DEA constructs a measure of technical efficiency based on the distance between composite inputs and composite outputs. It identifies the most efficient commissioners, those that achieve the highest level of health outcomes at a given expenditure, which form the production frontier. An efficiency score is obtained for each commissioner, where full efficiency = 1 and < 1 means it operates at less than best practice efficiency, below the frontier.

Figure 1 illustrates efficiency scores and the possible decrease in expenditure that a commissioner could achieve without affecting outcomes in a particular clinical area. A and B represent efficient commissioners who would reduce health outcomes if they spent less; C and D represent inefficient commissioners who could reorganise their production of health to achieve the same outcomes with lower expenditure, that is without incurring opportunity costs. The expenditure reduction by commissioner D (∆*) would improve efficiency without affecting health outcomes. The ratio of ∆* to Ω** shows the proportion of current expenditure that could be reduced without affecting outcomes.

If there are economies of scale in health production, then the size of the unit will influence efficiency. If present, this needs to be adjusted for, in order to focus on technical efficiency and inefficiency. We used Simar and Wilson's returns-to-scale test for input-oriented DEA to guide the choice of model, which tests a constant returns to scale (CRS) assumption against the alternative of variable returns to scale (VRS), using the ratio of means [21] and the mean of ratios less one [22]. The Kruskal–Wallis rank test examined frontier shifts between CRS and VRS.

DEA efficiency scores are sensitive to outliers. The Bogetoft and Otto test [23] was applied to identify outliers. Commissioners with a test statistic below 0.975 were considered outliers and excluded from the estimation.

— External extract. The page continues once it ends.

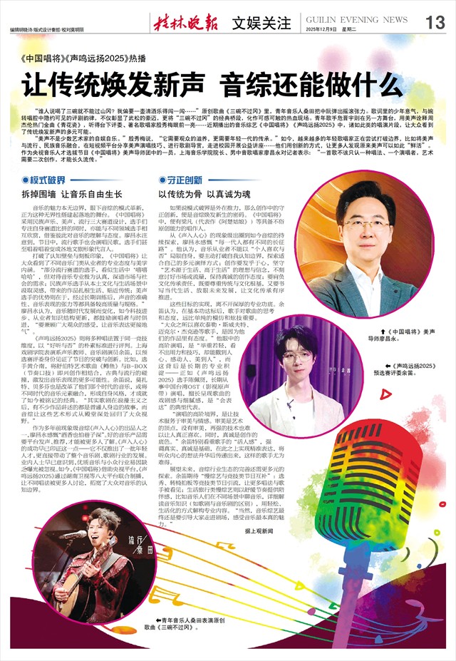 《中国唱将》《声鸣远扬2025》热播 让传统焕发新声 音综还能做什么   “谁人说喝了三碗就不能过山冈?我偏要一壶清酒乐得闯一闯……”原创歌曲《三碗不过冈》里,青年音乐人桑田把中阮弹出摇滚张力。歌词里的少年意气,与婉转唱腔中隐约可见的评剧韵律,不仅彰显了武松的豪迈,更将“三碗不过冈”的经典桥段,化作可感可触的热血现场。青年歌手危晋宇则在另一方舞台,用美声诠释周杰伦热门金曲《青花瓷》,听得台下评委、著名歌唱家殷秀梅眼前一亮……近期播出的音乐综艺《中国唱将》《声鸣远扬2025》中,诸如此类的唱演片段,让大众看到了传统焕发新声的多元可能。

As noted above, DEA may include environmental variables (EVs), which are exogenous factors that impact outputs (health outcomes) but are not under the control of the commissioners. Commonly used methods to consider EVs in DEA have two problems: prior assumptions about the direction of the effects are needed and estimated efficiency scores cannot be directly linked to the efficiency frontier. We avoid these following the Fried et al. three-stage procedure [24]. First, DEA is applied to health outcomes and inputs only, to identify outliers and obtain initial measures of commissioners’ performance. Secondly, stochastic frontier analysis (SFA) [20] is used to regress first stage performance measures against selected EVs. This provides, for each input, a three-way decomposition of performance variation into that attributable to EV effects, inefficiency and statistical noise. Thirdly, inputs are adjusted to account for the impact of the EVs effects and the statistical noise uncovered in the second stage, and DEA is used to re-evaluate commissioners’ efficiency.

We apply three exclusion criteria for outcome variables: more than 20% of data missing; intermediate rather than final outcome; and the outcome is less important for the estimation of the efficiency scores, according to a Kolmogorov–Smirnov test, than a second outcome with which it is highly correlated (R > = 0.5).

### Comparing DEA and QR

DEA and QR explore health system efficiency from different perspectives. QR estimates parametrically the mortality elasticity assuming an underlying production function, while DEA estimates non-parametric efficiency scores for all units at or outside the production function. We used two comparison methods to assess the consistency of QR and DEA findings and what they tell us in combination about the efficiency of expenditure at the margin: Spearman rank correlation to represent the sign of the pairwise correlation between the efficiency score and the absolute value of the mortality elasticity; and a t-test comparing the mean mortality elasticities between efficient and inefficient commissioners.